→ Data:
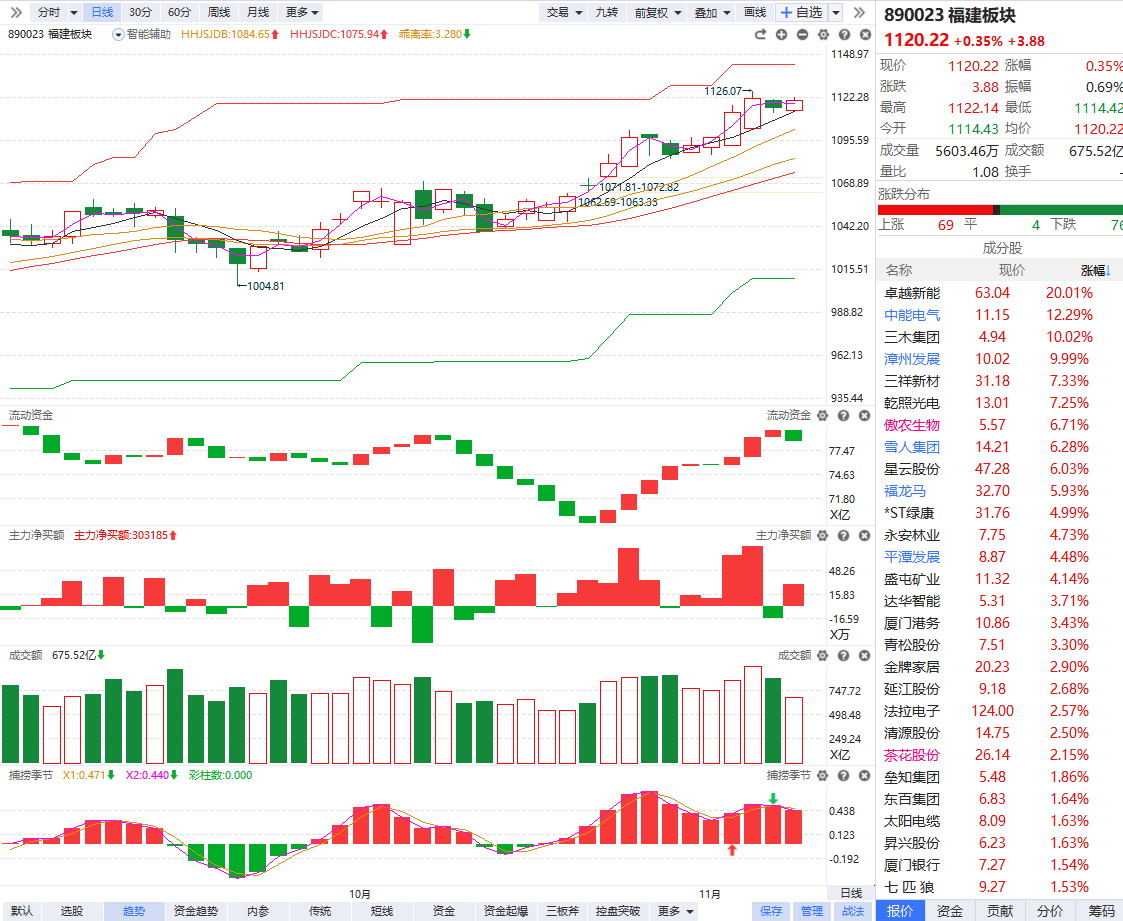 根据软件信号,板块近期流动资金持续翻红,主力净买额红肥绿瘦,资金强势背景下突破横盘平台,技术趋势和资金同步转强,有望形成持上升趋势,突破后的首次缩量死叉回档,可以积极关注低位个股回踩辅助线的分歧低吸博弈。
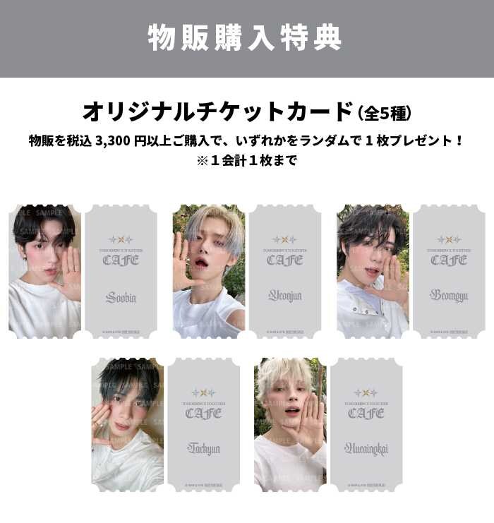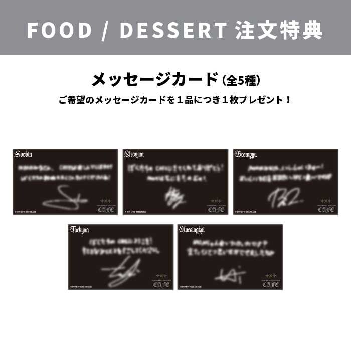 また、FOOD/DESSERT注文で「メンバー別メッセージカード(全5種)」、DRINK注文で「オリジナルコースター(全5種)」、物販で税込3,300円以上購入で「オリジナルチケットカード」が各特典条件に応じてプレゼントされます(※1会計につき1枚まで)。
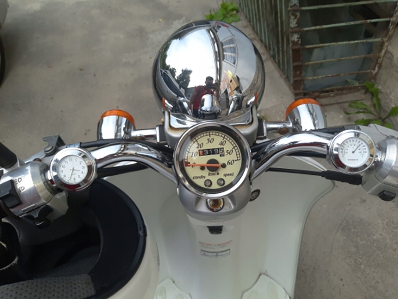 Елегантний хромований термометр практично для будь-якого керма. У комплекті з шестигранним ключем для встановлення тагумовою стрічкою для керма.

→ Prompt: Each line of the data should be quoted exactly, with pictures left out.

→ Result below:
 根据软件信号,板块近期流动资金持续翻红,主力净买额红肥绿瘦,资金强势背景下突破横盘平台,技术趋势和资金同步转强,有望形成持上升趋势,突破后的首次缩量死叉回档,可以积极关注低位个股回踩辅助线的分歧低吸博弈。
 また、FOOD/DESSERT注文で「メンバー別メッセージカード(全5種)」、DRINK注文で「オリジナルコースター(全5種)」、物販で税込3,300円以上購入で「オリジナルチケットカード」が各特典条件に応じてプレゼントされます(※1会計につき1枚まで)。
 Елегантний хромований термометр практично для будь-якого керма. У комплекті з шестигранним ключем для встановлення тагумовою стрічкою для керма.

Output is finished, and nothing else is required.